“Roger, I had a very disturbing dream last night. In this dream I found myself making love to a strange man. Only I’m having trouble you see, because he’s old… and dying… and he smells bad, and I find him repulsive. But then he tells me that everything is erotic, that everything is sexual. You know what I mean? He tells me that even old flesh is erotic flesh. That disease is the love of two alien kinds of creatures for each other. That even dying is an act of eroticism. That talking is sexual. That breathing is sexual. That even to physically exist is sexual. And I believe him, and we make love beautifully.”
This crude early effort from David Cronenberg is a personal favourite of mine. Shivers is Cronenberg at his schlockiest, the sex and violence more akin to mindless grindhouse exploitation than the cerebral dissections of his later work. Yet, as the above quote testifies, it is still unmistakably Cronenbergian. The parasitic creatures and venereal plot drive are wonderfully icky and there is a respect for and fascination with anatomy and medical science that sets it apart from other deadly virus B-pictures of the 70s. It feels of a piece with Romero’s Night of the Living Dead and The Crazies but where Romero appears to relate to his characters, Cronenberg, of-course, seems more sympathetic towards the parasites.
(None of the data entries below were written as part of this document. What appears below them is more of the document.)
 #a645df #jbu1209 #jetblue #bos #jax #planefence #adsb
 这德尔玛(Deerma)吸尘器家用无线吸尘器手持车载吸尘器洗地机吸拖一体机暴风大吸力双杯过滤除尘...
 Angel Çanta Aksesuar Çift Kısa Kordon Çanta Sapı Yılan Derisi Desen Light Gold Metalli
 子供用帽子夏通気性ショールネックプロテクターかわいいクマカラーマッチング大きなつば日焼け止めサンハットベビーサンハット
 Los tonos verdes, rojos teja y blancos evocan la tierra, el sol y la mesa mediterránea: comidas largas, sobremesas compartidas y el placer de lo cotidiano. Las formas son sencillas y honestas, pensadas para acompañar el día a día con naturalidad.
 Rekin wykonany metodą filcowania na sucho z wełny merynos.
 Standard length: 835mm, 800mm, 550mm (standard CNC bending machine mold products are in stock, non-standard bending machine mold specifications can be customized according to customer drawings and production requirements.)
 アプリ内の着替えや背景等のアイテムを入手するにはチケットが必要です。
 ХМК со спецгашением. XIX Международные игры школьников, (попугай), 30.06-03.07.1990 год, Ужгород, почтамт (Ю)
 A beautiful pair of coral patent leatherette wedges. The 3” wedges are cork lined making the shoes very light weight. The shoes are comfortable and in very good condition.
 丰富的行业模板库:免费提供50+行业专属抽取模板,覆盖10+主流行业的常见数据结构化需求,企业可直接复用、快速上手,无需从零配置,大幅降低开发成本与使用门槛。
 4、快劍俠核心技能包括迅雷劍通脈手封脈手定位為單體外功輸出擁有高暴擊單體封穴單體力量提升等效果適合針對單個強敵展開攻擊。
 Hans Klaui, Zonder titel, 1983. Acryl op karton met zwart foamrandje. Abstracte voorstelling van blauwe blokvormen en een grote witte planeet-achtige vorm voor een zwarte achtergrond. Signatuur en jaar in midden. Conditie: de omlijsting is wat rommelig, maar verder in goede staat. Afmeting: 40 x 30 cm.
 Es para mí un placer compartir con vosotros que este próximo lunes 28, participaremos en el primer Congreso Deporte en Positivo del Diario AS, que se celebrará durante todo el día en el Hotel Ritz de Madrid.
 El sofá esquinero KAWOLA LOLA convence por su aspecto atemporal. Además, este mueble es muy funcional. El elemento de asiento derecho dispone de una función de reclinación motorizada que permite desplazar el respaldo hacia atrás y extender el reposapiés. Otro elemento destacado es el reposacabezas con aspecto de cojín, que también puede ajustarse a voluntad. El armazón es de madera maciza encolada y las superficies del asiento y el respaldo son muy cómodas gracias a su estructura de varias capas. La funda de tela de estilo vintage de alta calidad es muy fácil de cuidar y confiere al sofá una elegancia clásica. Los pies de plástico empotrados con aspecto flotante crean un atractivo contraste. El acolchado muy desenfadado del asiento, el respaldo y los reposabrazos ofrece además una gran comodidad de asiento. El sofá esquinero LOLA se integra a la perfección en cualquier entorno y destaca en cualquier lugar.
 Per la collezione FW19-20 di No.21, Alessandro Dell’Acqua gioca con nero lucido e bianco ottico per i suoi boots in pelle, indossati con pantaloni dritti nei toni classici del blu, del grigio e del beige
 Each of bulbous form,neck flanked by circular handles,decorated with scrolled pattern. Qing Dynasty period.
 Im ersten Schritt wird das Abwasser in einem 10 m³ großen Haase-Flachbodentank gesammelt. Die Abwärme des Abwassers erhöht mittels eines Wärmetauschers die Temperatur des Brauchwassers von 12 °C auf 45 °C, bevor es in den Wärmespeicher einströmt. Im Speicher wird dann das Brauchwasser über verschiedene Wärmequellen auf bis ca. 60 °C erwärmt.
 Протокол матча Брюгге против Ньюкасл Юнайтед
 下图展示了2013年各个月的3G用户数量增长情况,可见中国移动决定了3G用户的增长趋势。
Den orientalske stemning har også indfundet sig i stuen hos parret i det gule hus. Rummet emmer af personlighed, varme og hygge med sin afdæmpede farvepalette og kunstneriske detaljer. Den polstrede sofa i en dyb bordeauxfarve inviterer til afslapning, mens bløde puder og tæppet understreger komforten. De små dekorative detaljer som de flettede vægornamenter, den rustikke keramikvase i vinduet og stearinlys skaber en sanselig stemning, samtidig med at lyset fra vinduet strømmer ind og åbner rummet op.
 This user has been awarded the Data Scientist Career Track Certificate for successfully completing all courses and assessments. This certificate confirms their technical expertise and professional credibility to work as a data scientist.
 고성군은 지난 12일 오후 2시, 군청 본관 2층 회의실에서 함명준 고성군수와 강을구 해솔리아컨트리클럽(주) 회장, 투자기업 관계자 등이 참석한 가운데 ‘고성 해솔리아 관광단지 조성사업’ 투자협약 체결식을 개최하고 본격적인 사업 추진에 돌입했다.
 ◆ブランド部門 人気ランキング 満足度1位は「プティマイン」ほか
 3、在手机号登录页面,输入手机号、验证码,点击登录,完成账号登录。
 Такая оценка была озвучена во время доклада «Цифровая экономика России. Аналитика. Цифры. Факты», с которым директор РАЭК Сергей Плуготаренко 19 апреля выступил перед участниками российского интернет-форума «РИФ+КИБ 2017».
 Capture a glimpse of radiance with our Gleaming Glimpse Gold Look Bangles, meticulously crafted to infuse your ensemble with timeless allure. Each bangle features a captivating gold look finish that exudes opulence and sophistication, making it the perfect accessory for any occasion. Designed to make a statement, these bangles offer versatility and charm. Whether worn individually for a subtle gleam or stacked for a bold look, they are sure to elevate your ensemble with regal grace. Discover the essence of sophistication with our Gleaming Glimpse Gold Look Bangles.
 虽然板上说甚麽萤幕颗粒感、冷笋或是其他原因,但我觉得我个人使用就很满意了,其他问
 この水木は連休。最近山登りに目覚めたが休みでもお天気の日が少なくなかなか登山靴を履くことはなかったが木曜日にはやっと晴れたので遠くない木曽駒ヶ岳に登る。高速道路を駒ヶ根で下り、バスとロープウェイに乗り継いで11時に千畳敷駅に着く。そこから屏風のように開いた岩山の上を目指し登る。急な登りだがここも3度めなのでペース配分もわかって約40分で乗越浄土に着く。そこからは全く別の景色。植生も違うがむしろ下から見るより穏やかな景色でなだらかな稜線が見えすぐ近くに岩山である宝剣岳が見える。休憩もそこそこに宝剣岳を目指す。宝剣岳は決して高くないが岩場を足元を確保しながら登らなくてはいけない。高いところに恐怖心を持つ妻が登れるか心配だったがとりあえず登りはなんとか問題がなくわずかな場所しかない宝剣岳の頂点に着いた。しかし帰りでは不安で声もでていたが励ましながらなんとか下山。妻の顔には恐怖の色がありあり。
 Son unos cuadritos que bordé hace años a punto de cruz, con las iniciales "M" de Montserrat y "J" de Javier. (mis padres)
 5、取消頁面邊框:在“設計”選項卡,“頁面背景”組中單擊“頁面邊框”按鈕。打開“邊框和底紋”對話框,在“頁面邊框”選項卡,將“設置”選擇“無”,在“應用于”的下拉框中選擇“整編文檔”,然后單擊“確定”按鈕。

There is a provocative edge too. The opening act of an old scientist apparently savaging a young schoolgirl – murdering her, stripping her bare then slicing open her torso before pouring acid inside – is a startling cold-open. Almost Sam Fuller-esque in it’s extremity, it puts you on solid uneasy ground that the rest of the film seeps outward from. The explicit sexuality in the film also feels raw and subversive. Sex and horror have always gone hand in hand but the way Cronenberg uses it, here and in future films, is played more for terror than titillation. I mean, it’s about a parasite that transforms it’s victims into sex-mad nutters. There’s incest, lesbianism and even suggests pedophilia. When the film descends into a swimming-pool bound orgy in it’s final moments, the images are truly psychotic and horrifying rather than sexy and fun.
For as much as Shivers does lack the polish of Cronenberg at his best, it’s moments like these, when the film’s effect is in tune with the director’s intent, that make it worth your time. As a Cronenberg nut, I’ve seen this movie a handful of times over a few years and just when I think I won’t return to it anytime soon, I find the imagery creeping back into my brain. There’s something addictive about seeing great filmmakers find their feet in their formative years. Shivers is really everything you would want from a first outing from Canada’s king of body horror. It would also make for good advance-reading for Ben Wheatley’s upcoming High-Rise.